|Petition E016 of 2021
|Sophia Chemasigen Kachuwai & Charles John Atieli v Union of Kenya Civil Servant, Tom Mboya Odege & Registrar of Trade Union
|20 Jan 2022
|Employment and Labour Relations Court at Nakuru
|Hellen Seruya Wasilwa
|Sophia Chemasigen Kachuwai & another v Union of Kenya Civil Servant & 2 others  eKLR
|Jaoko for 1st & 2nd respondent Kirwa for petitioners
|Employment and Labour Relations
|Jaoko for 1st & 2nd respondent Kirwa for petitioners
|Both Parties Represented
|The information contained in the above segment is not part of the judicial opinion delivered by the Court. The metadata has been prepared by Kenya Law as a guide in understanding the subject of the judicial opinion. Kenya Law makes no warranties as to the comprehensiveness or accuracy of the information
REPUBLIC OF KENYA
IN THE EMPLOYMENT AND LABOUR RELATIONS COURT AT NAKURU
PETITION NO. E016 OF 2021
SOPHIA CHEMASIGEN KACHUWAI..............1ST PETITIONER
CHARLES JOHN ATIELI...................................2ND PETITIONER
UNION OF KENYA CIVIL SERVANT............1ST RESPONDENT
TOM MBOYA ODEGE....................................2ND RESPONDENT
REGISTRAR OF TRADE UNION.................3RD RESPONDENT
1. The 1st and 2nd Respondents/ Applicants filed a Notice of Motion dated 1st October 2021 seeking the following orders: -
b) That this Honorable Court be pleased to set aside the ex parte orders given to the petitioners on the 30th September, 2021, the orders marking the petition as spent and instead order the hearing of the application by the 1st and 2nd Respondents dated 10th August, 2021 that was scheduled for mention on 30th September, 2021 on priority basis
c) The costs be in the cause.
2. The application is based on grounds that: -
a) That this Court issued orders to the petitioner on the 30th September, 2021 marking the petition spent and awarding the petitioner costs.

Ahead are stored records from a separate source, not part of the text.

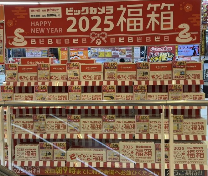 ビックカメラ店頭において、1/1(水)9時受付、10時販売より福箱を販売する。
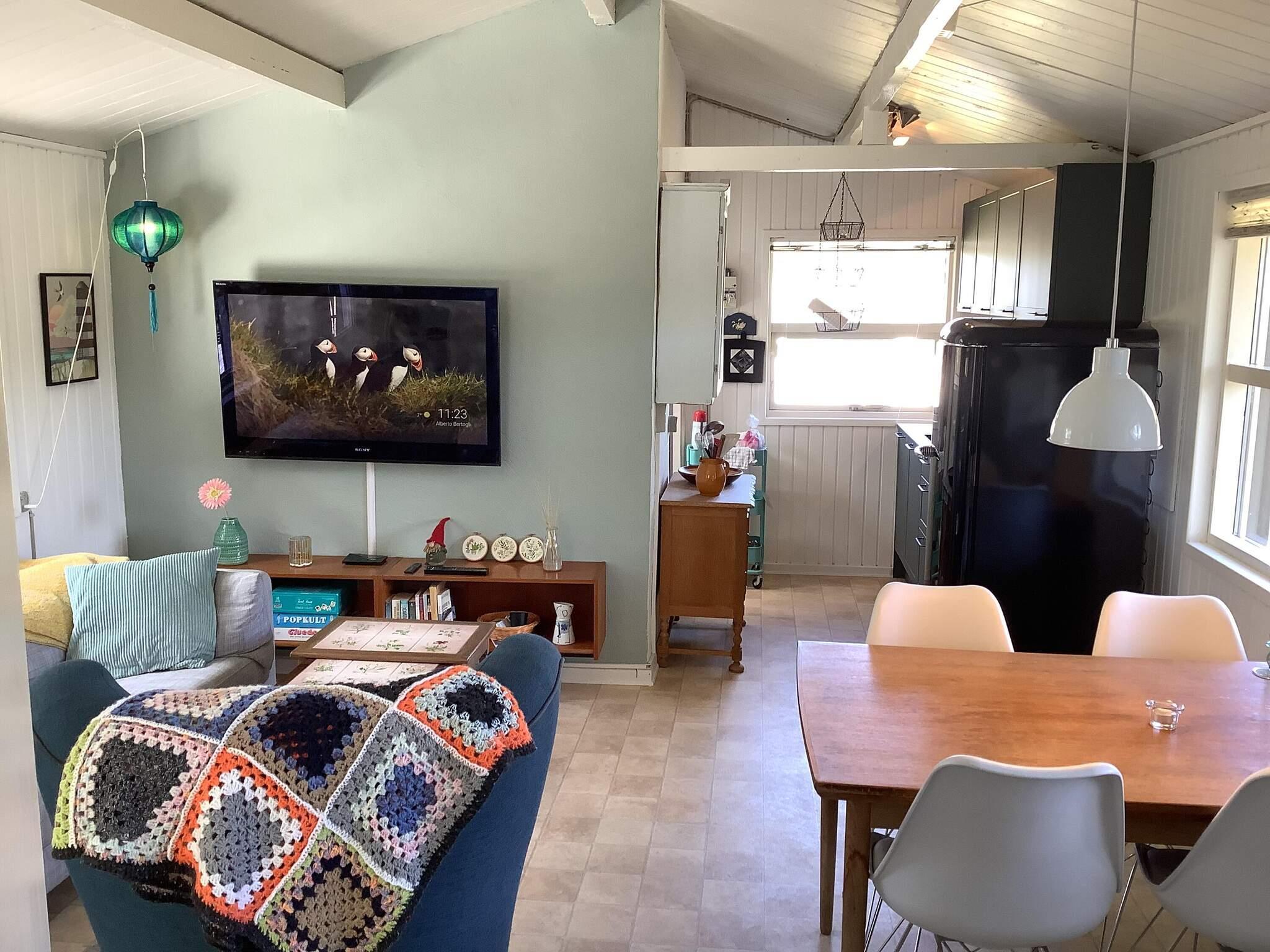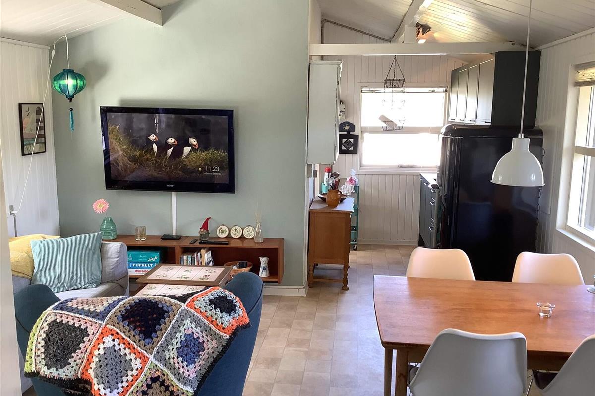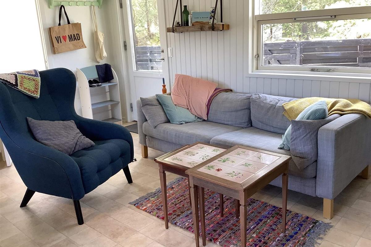 Offen kombinierter Küchen-/Wohnbereich mit Ess- und Sitzecke sowie direktem Zugang zur Terrassenfläche. Im Haus gibt es zwei Schlafzimmer mit Doppelbett. Fernsehraum mit gemütlichem Holzofen sowie klimafreundlicher Wärmepumpe. Auf der Terrasse können Sie die schönen Sommertage und -abende mit Sonne und Entspannung genießen.
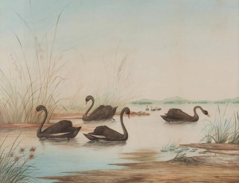 Black Swans at Swan Bay and the You Yangs. Circa 1880
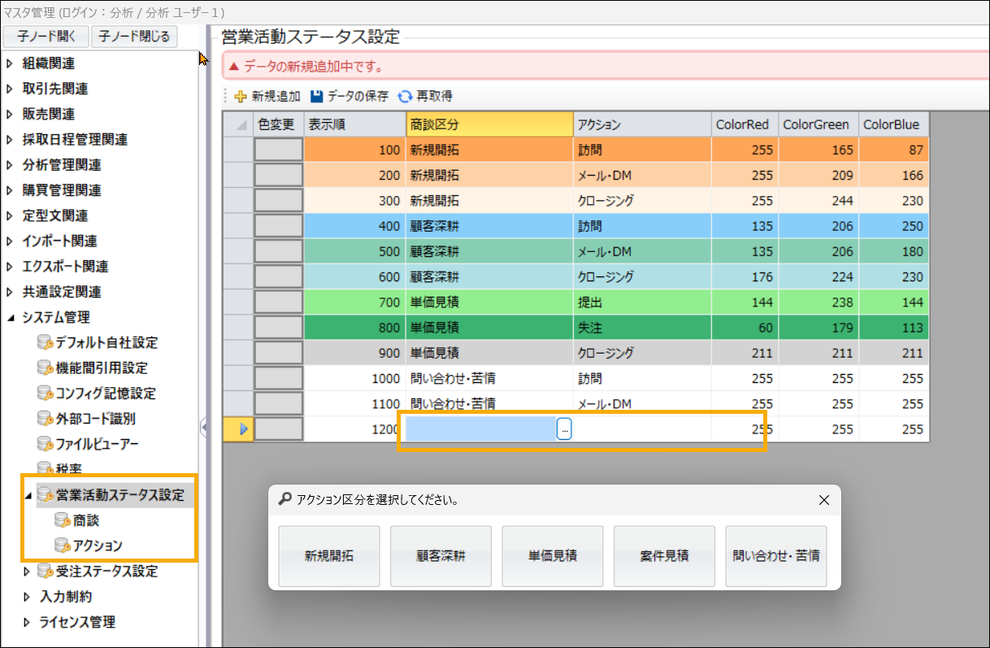 「新規追加」をクリックし、新しく追加された行の「商談区分」および「アクション」列をクリックすると、それぞれのマスタに登録したものから選択できます。
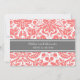 Cenas de Personalizado en moda rosa, gris y blanco, naranja de melocotón moderno y elegante, y decoración clásica de antaño con damasco floral. Personalice el texto para crear una invitación única para su cena de ensayo boda. Póngase en contacto con nosotros para solicitar un cambio de color. Disponible en muchos productos bodas a juego.

b) The Respondent herein are aggrieved by the said orders and now seek for this Court to set them aside on the basis that on the 30th September, 2021 this case was scheduled for mention for direction on their application dated 10.8.2021. Their advocate on record joined the virtual Court at 8.45 however when the matter was about to be mentioned the network collapsed and the advocate was logged out.
c) Upon logging in back to the virtual court the matter had already been dealt with and orders issued, therefore that the Respondent herein were condemned unheard.
d) The Respondent avers that they were never served with the pleadings to this suit and only served with a hearing notice without the application itself.
e) The Petitioner therefore ambushed the Respondents and unprocedurally obtained orders from this Court when he had not serve the application and the Petition to them.
f) The respondents also aver that the Firm of P. Sang and Company Advocates vide a letter of 9th August, 2021 have disowned the pleadings by the petitioner or ever receiving instruction from the petitioner with regard to this case therefore the orders were Procured illegally.
g) The Applicants herein stated that they have a right to be heard as enshrined under Article 50 of the Constitution and that their right under Article 47(1) as read with Article 25(c) of the Constitution ought to be protected.
3. The application is supported by the affidavit of Jaoko Alexander, the Advocate ceased of this Matter on behalf of the 1st and 2nd Respondents sworn on 1st October, 2021. The affiant maintained that they were never served with the pleadings herein and were forced to make copies from the court file.
4. He further deposed that the orders were obtained through an illegality as the firm who allegedly drew the pleadings have disowned them. The Respondent therefore urged this Court to allow its application as prayed.
5. In response to the application, the Petitioners filed a Replying Affidavit sworn on 9th November, 2021 by Sophia Chemasigen Kachuwai, the 1st Petitioner herein. She deposes that they are members of the 1st respondents who are bound by the 1st Respondent’s constitution, standing Orders and all rules therein.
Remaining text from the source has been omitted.